According to the wikipedia page, when given an angular velocity, centrifugal force increases with radius. I always thought the larger the radius, the smaller the centrifugal force. I think I'm misunderstanding some term here (possibly "angular velocity"). Can someone please explain?

 

[jfizzix]

Angular velocity \omega is the rate at which angle changes with respect to time (revolutions per second, degrees per second, radians per second, etc). If this rate is a constant, then the larger your distance to the center r is, the larger the centrifugal force F you will feel.

F = m \;r\;\omega^{2}

However, if you are saying your tangential velocity v = r\;\omega is constant, then the farther out from the center you are, the smaller the centrifugal force you experience, but this also means your angular velocity is smaller too.

F = m \frac{v^{2}}{r}

 

[tiny-tim]

Hi Lsos!

… given an angular velocity, centrifugal force increases with radius.
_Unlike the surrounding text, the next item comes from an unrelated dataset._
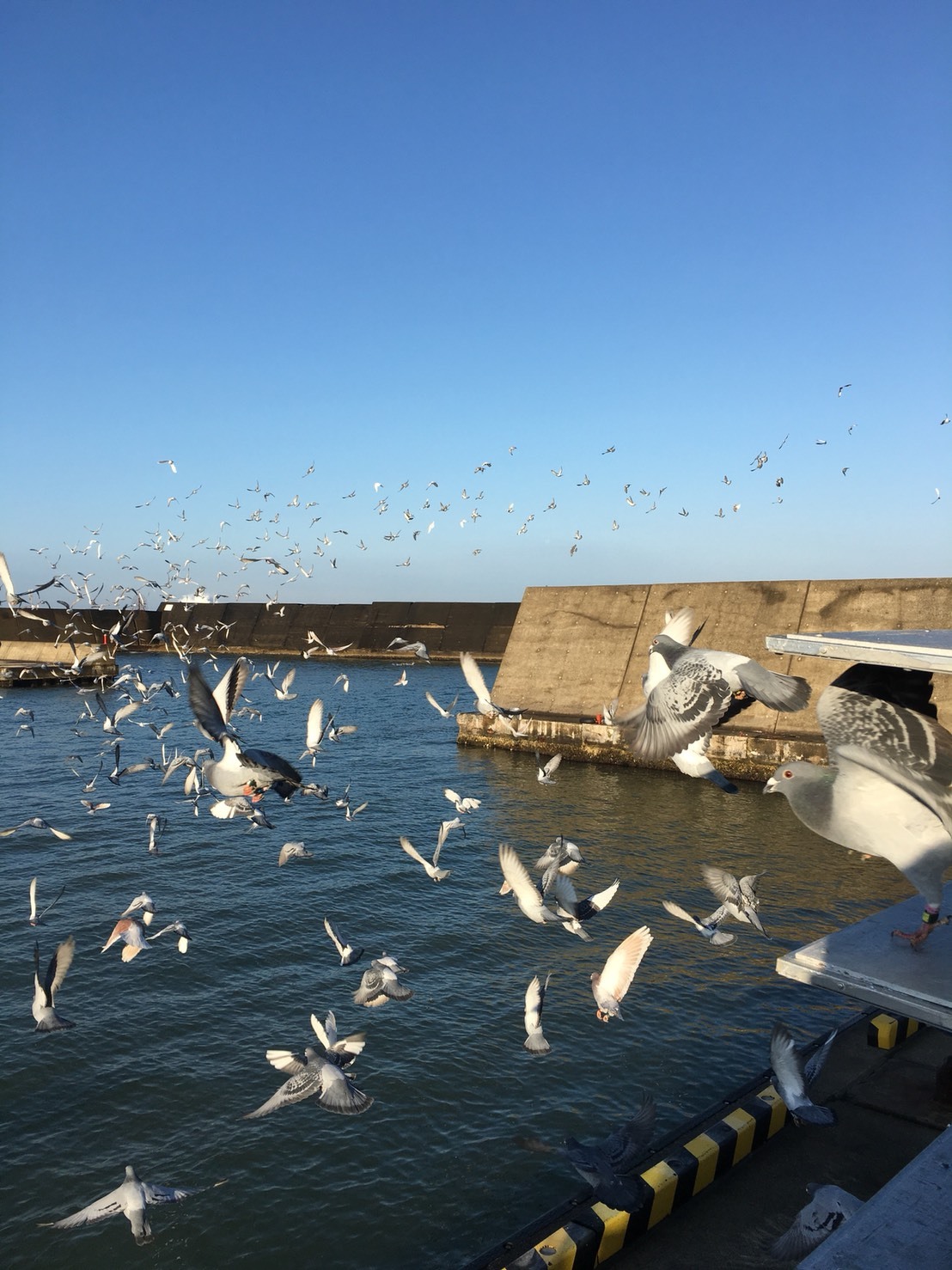 そうです。『鳩』です。 ちなみに写真はレース鳩を放った瞬間の写真です。新潟県で飛びたった鳩が数時間後に石川県まで戻ってきます。帰巣本能はすごいですね。太陽の位置を確認しながら戻ってくるそうです。 運ぶ時は生き物ですからとても気を使います。当社はこんなモノも運んでいるんです。

Yes, if the angular velocity is fixed, the larger the radius, the more force you need to keep something in the circle.

Loosely speaking, changing the velocity from v to -v in the same time is obviously a larger acceleration if v is larger!
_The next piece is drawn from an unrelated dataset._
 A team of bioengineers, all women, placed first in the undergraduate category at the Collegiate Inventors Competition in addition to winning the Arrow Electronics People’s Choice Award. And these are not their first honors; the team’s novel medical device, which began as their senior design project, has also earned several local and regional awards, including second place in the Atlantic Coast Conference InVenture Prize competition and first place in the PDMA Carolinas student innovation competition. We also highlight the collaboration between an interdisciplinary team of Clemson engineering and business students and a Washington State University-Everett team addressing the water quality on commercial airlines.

I always thought the larger the radius, the smaller the centrifugal force. I think I'm misunderstanding some term here (possibly "angular velocity"). Can someone please explain?
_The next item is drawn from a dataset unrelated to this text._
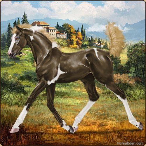 Color: Dark Flaxen Liver Chestnut Tobiano Appaloosa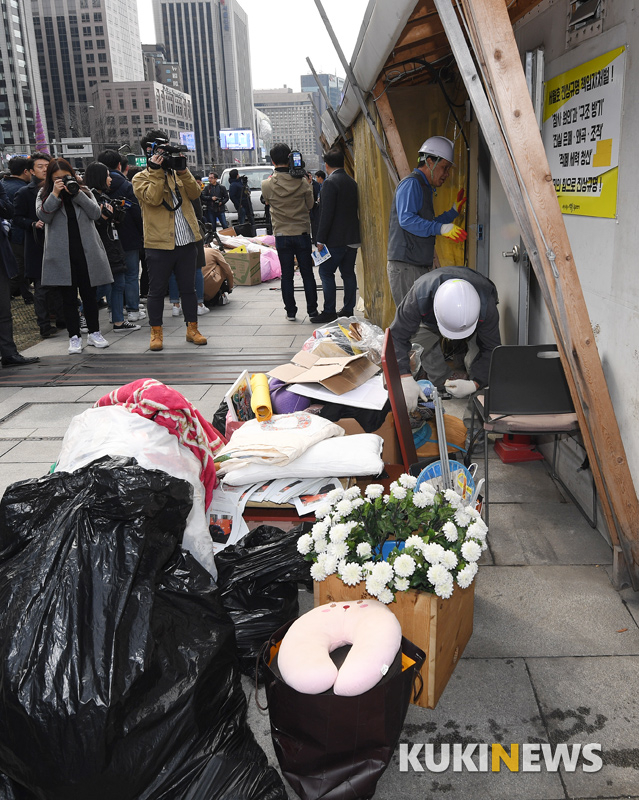 18일 서울 광화문광장에서 서울시 관계자들이 세월호 참사 희생자 및 미수습자 분향소 및 상징조형물을 철거하고 있다.

Angular velocity is angle per second.

It's equal to revolutions per second times 2π.

 

[quarkgazer]

Hi,
The centrifugal force is a fictitious force used in non-inertial reference frames. In general, it is given by $$ F_{\text{centrifugal}} = m\textbf{w} \times (\textbf{w}\times\textbf{r}). $$ Here, $\textbf{w}$ is the angular velocity of the rotating reference frame and $\textbf{r}$ is the position of the particle relative to the rotating frame's origin.

Usually it will simplify to jfizzix' answer (the first equation).

From a more qualitative perspective, imagine a large disc spinning. If you stand near the centre, you move in a small circle but not very fast. As you move out, you move faster and faster and you will find it more difficult to stay on the disc.

:)

PS: I used $\textbf{w}$ because for some reason the TeX code for omega isn't working... :\

 

[Andrew Mason]

PS: I used $\textbf{w}$ because for some reason the TeX code for omega isn't working... :\

I think your use of the bold face text is the problem. Latex assumes what follows is text. You can use vectors like this$$ F_{centrifugal} = m\vec{\omega} \times (\vec{\omega} \times \vec{r}) $$

AM

 

[Lsos]

Ok...yeah. I think I get it. Seems like a very simple concept, but I just need to wrap my aging mind around this. Thanks everyone!